_Task details_: When you reach the line in the data below that contains "ランチを食べに行き、窓際の席に腰掛け、カエルの置物を見つけました。", please start repeating lines exactly, and stop after the line that contains "Inspired by the", repeating nothing else.

_Input records_:
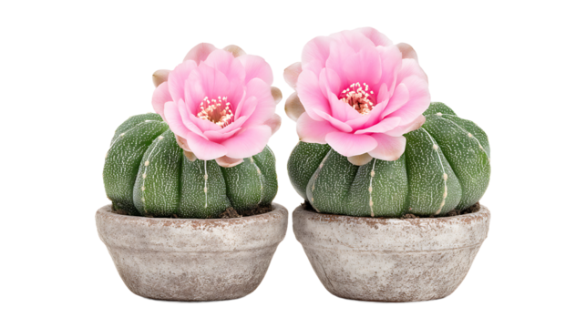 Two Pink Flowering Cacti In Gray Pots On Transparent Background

* * *

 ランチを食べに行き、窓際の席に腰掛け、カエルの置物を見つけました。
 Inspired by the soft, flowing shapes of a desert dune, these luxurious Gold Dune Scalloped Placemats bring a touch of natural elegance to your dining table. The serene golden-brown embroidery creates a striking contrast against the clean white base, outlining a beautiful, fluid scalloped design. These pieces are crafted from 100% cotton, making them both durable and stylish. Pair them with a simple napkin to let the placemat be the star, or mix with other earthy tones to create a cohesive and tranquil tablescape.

--

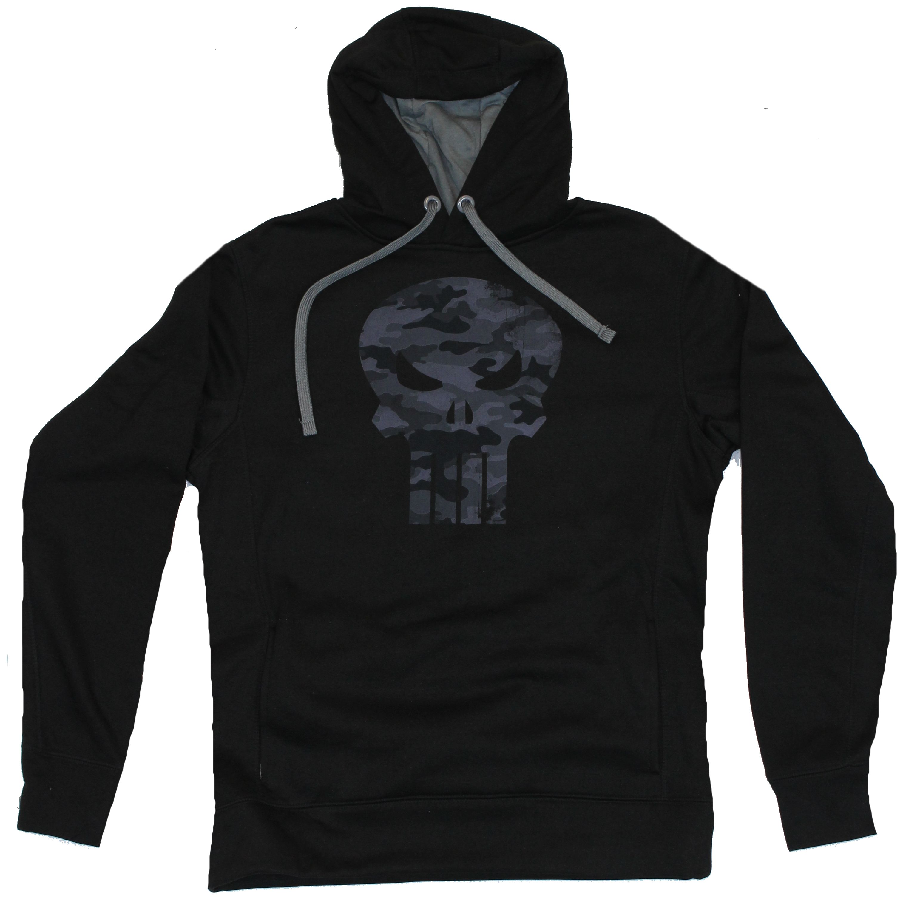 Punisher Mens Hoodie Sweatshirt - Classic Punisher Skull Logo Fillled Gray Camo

_Task answer_:
 ランチを食べに行き、窓際の席に腰掛け、カエルの置物を見つけました。
 Inspired by the soft, flowing shapes of a desert dune, these luxurious Gold Dune Scalloped Placemats bring a touch of natural elegance to your dining table. The serene golden-brown embroidery creates a striking contrast against the clean white base, outlining a beautiful, fluid scalloped design. These pieces are crafted from 100% cotton, making them both durable and stylish. Pair them with a simple napkin to let the placemat be the star, or mix with other earthy tones to create a cohesive and tranquil tablescape.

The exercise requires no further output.